Association results of CSF sTREM2 at chromosome 3 and in vitro functional validation using PBMC-derived macrophages. A Forest plots of effect size estimated by cohort for rs73823326. The effect allele is T for rs73823326. Heterogeneity P is 0.75 for rs73823326. B Violin plots of CSF sTREM2 Z-Score Residuals by genotypes of rs73823326. C UCSC genome browser visualization of Microglia and Neurons specific assay for transposase-accessible chromatin with sequencing (ATAC-seq), H3K27ac Chromatin immunoprecipitation followed by sequencing (ChiP-seq), H3K4me3 ChiP-seq and proximity ligation-assisted ChIP-Seq (PLAC-seq) loops at the chr 3 RBMS3 – TGFBR2 locus. Chromatin loops linking the promoter of TGFBR2 to active gene-regulatory region close to rs73823314 (LD r2=1 with rs73823326 and P=2.54 x 10-8) is specific in microglia. D Quantification of intracellular TGFBR2 (left panel), TREM2 (middle panel) and extracellular sTREM2 protein levels in PBMC-derived macrophages upon TGFBR2 overexpression. E Quantification of intracellular RBMS3 (left panel), TREM2 (middle panel) and extracellular sTREM2 protein levels in PBMC-derived macrophages upon RBMS3 overexpression. n = 15 from 4 independent experiments. F Quantification of intracellular TGFBR2 (left panel), TREM2 (middle panel) and extracellular sTREM2 (right panel) protein levels in PBMC-derived macrophages upon TGFBR2 knockdown. n = 9 from 3 independent experiments. ns: not significant, ** p < 0.01, **** p < 0.0001. Results are shown in mean ± SEM

Among the four genome-wide significant variants, two variants (rs73823314 and rs73823316) were in a regulatory region that binds transcription factor (TF) based on the Ensemble variant effect predictor (VEP) annotation. In order to identify the potential functional variant and gene, we examined brain cell type-specific enhancer-promoter interactome maps [34]. We found high peak of epigenetic markers for TGFBR2, consistently measured with ATAC-Seq, H3K27ac, and H3K4me3 (Fig. 4C). These epigenetic markers were only observed in microglia, indicating that TGFBR2 is actively regulated in microglia. More importantly, we identified microglia-specific dense chromatin loops that connect the regulatory variant rs73823314 (LD with rs73823326, R2=1.0) to the promoter of TGFBR2. All this evidence suggests that TGFBR2 is the most likely functional gene that affects CSF sTREM2 levels.

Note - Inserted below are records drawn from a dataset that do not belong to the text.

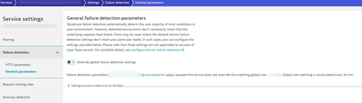 • When setting Failure detection rule on Service level, the Global Rule will not be applied here for HTTP status code as well as General Parameter(Exceptions).
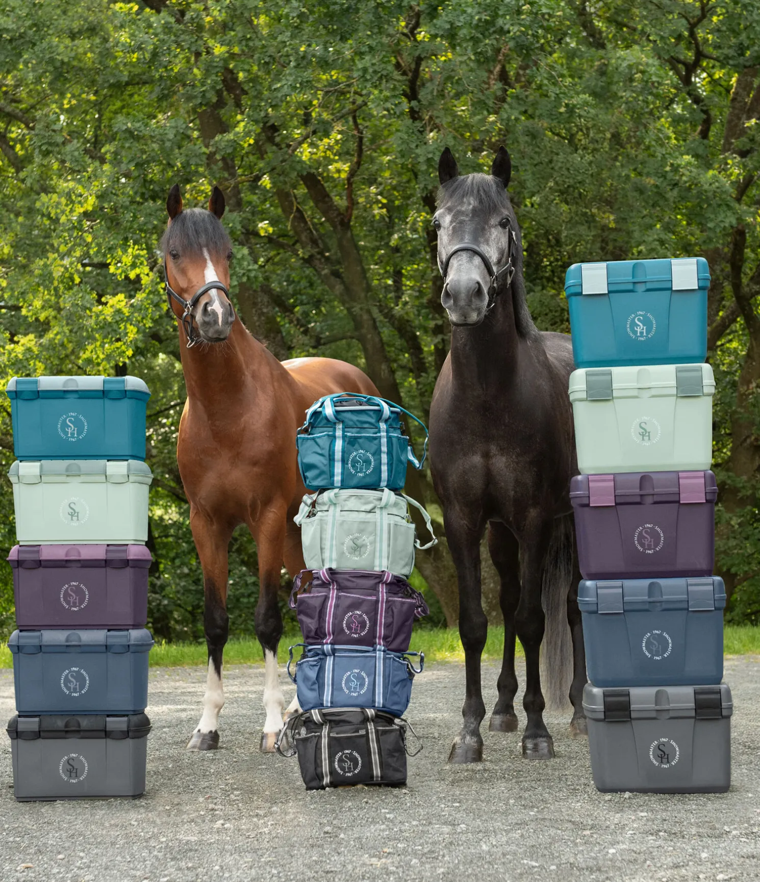 Sac de pansage au look sportif confectionné dans une matière anti-salissures. Avec 6 poches extérieures, 2 anses et une bandoulière amovible. Refermable par le haut au moyen d’un cordon de serrage. 28 x 18 x 25 cm.
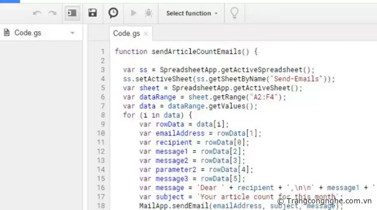 function sendArticleCountEmails() { var ss = SpreadsheetApp.getActiveSpreadsheet(); ss.setActiveSheet(ss.getSheetByName('Send-Emails')); var sheet = SpreadsheetApp.getActiveSheet(); var dataRange = sheet.getRange('A2:F4'); var data = dataRange.getValues(); for (i in data) { var rowData = data[i]; var emailAddress = rowData[1]; var recipient = rowData[0]; var message1 = rowData[2]; var message2 = rowData[3]; var parameter2 = rowData[4]; var message3 = rowData[5]; var message = 'Dear ' + recipient + ',nn' + message1 + ' ' + message2 + ' ' + parameter2 + ' ' + message3; var subject = 'Your article count for this month'; MailApp.sendEmail(emailAddress, subject, message); } }[/code] Script này có vẻ khá phức tạp, nhưng thực sự không phải toàn bộ. Hãy “mổ xẻ” nó để biết chính xác mỗi dòng viết gì.
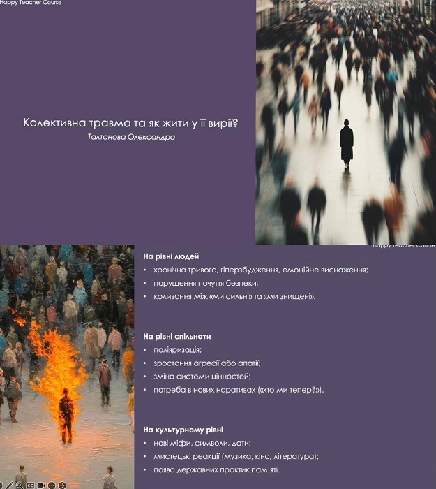 Освітньо-психологічну ініціативу для підтримки ментального здоров’я реалізував Навчально-науковий центр неперервної професійної освіти Інституту післядипломної освіти НМУ імені О.О. Богомольця. Курс передбачав роботу в групі, а ведучою стала клінічна психологиня, соціологиня, сертифікована спеціалістка з превенціїї самогубства, логоконсультантка в навчанні, асистентка Центру Олександра Талтанова.
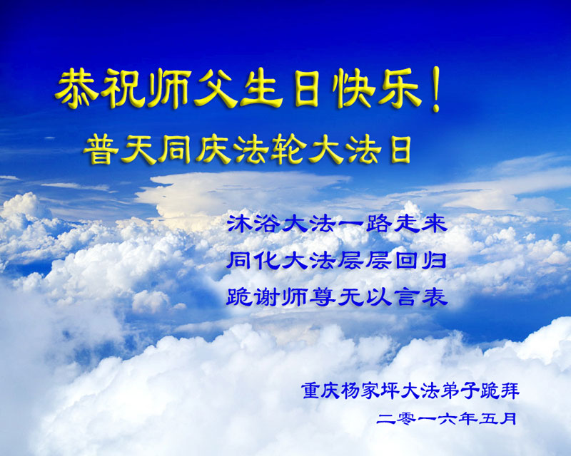 重庆渝北区一大法弟子恭祝师父生日快乐!恭贺5.13世界法轮大法日!
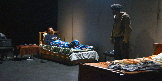 وقدمت المسرحية التي افتتحت عروضها أمس على مسرح فواز الساجر في المعهد العالي للفنون المسرحية مقطعيات من حياة قاربت الحياة الواقعية لشخصيتي الشابين خليل وسالم متكئة في ذلك على خصوصية النص الذي وضعه المسرحي البريطاني الراحل بنتر وذلك من خلال التركيز على هشاشة نفسية وترقب وخوف من المجهول والغيب والغموض الذي يكتنف الحياة اليومية في أدق تفاصيلها عبر علاقة هذين الشابين بصاحب القبو الذي يسكنان فيه وتحكمه المطلق بهما.

In order to functionally validate these findings, we used human peripheral blood mononuclear cell (PBMC)-derived macrophages as a proxy for microglia (Fig. S7A). To modulate the expression level of these genes within the locus, we used lentivirus-mediated overexpression of TGFBR2 and RBMS3. We first confirmed that lentivirus-mediated overexpression increased the protein levels of TGFBR2 (~2.2-fold, P=0.006) and RBMS3 (~4.5-fold, P<0.0001) as compared to control lentivirus transduced cells (Fig. 4D and 4F left panels; Fig. S7B). Upon TGFBR2 overexpression, we did not find significant changes of intracellular TREM2 (~8% increase; P=0.652; Fig. 4D middle panel, Fig. S7C). On the other, hand we found a significant increase in extracellular sTREM2 levels upon TGFBR2 overexpression (~16% increase, P=0.008; Fig. 4D right panel). We performed the same analysis for RBMS3 overexpressing cells, but did not observe significant changes in intracellular or extracellular sTREM2 levels (Fig. 4F right panel).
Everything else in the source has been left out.